This post summarizes our research paper “Leading Multi-Agent Teams to Multiple Goals While Maintaining Communication” by Brian Reily, Christopher Reardon, and Hao Zhang. This work was presented at Robotics: Science and Systems 2020.
In many real-world applications, robots must be able to influence teammates to follow them. For example, robots may explore unknown environments and then possess information that human teammates do not have. In disaster response, robots may find survivors that do not know how to proceed to a safe location. In both cases, robots must be able to behave in a way that leads these followers to goal positions, while remaining connected as a group - i.e. if a drone is leading disaster survivors, the drone must stay within visual range so that the survivors are able to follow it to safety. In large environments, multiple robots must work as a team to lead multiple groups of followers to multiple goals.

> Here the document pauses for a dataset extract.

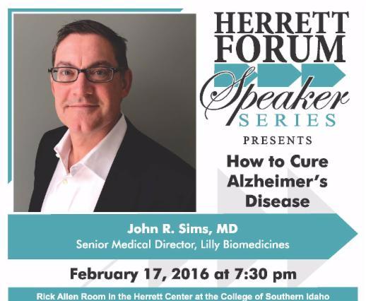 Almost everyone knows someone, a friend or family member, who deals with dementia or Alzheimer's disease. Have you ever wondered or worried about whether it will affect your own life? Dr. John R. Sims, Senior Medical Director for Lilly Biomedicines, will discuss 'How to Cure Alzheimer's Disease' in his Herrett Forum presentation at 7:30 p.m. Wednesday, Feb. 17 at the Herrett Center's Rick Allen Room.

Existing research has largely been limited to leading agents to single goals. This has been evaluated in the context of robots leading automated tours, as well as herding groups of animals. While the problem of maintaining connectivity between robotic teammates has been addressed by a number of approaches, it has not been addressed in the context of leading followers to multiple goals. We propose the research problem of multiple leaders leading a multi-agent team to multiple goal positions, while maintaining communication.

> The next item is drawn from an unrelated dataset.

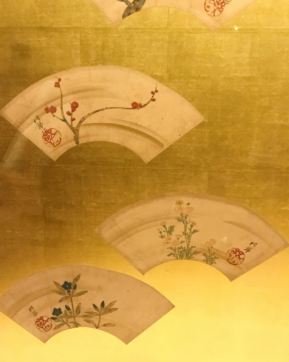Парные шестистворчатые ширмы Татэбаяси Кагэя с изображением на золотом фоне раскрытых вееров представляют типичное произведение школы Римпа с лаконичными мотивами.

We propose an approach to adaptively lead a multi-agent team to multiple goal positions while maintaining communication. This approach generates an action for each leader at each time step, reacting to possible changes in the environment and allowing each leader to make progress towards a goal while maintaining communication with its followers.
We begin by defining three utilities that motivate our leader robots. First, we consider the utility value of a leader moving in the direction of a goal - for a leader to be effective, it must lead its followers somewhere useful. Second, we consider the utility of a leader maintaining communication with its followers. We assume that agents within a certain range are able to communicate - e.g., disaster victims are able to see a drone within some visual distance. We use this range to construct a communication graph, and base this communication utility on the algebraic connectivity of the graph. Third, we consider the utility of a leader maintaining communication with other leaders, as robots must often be able to coordinate as a team.
We define an optimization-based approach to assign weights to each of these identified utilities. We also introduce constraints to limit the allowed values of these weights, as well as regularization terms to influence how weights are assigned. These regularization terms encourage leaders to focus attention on only a single goal, for only a single leader to maintain communication with each follower, and for leaders to remain consistent in their choices (e.g., if a leader is moving towards one goal, it is counterproductive for it to switch to a different one). Our full formulation is below, with W, V, and U representing weight matrices and R, Q, and S representing the three defined utilities.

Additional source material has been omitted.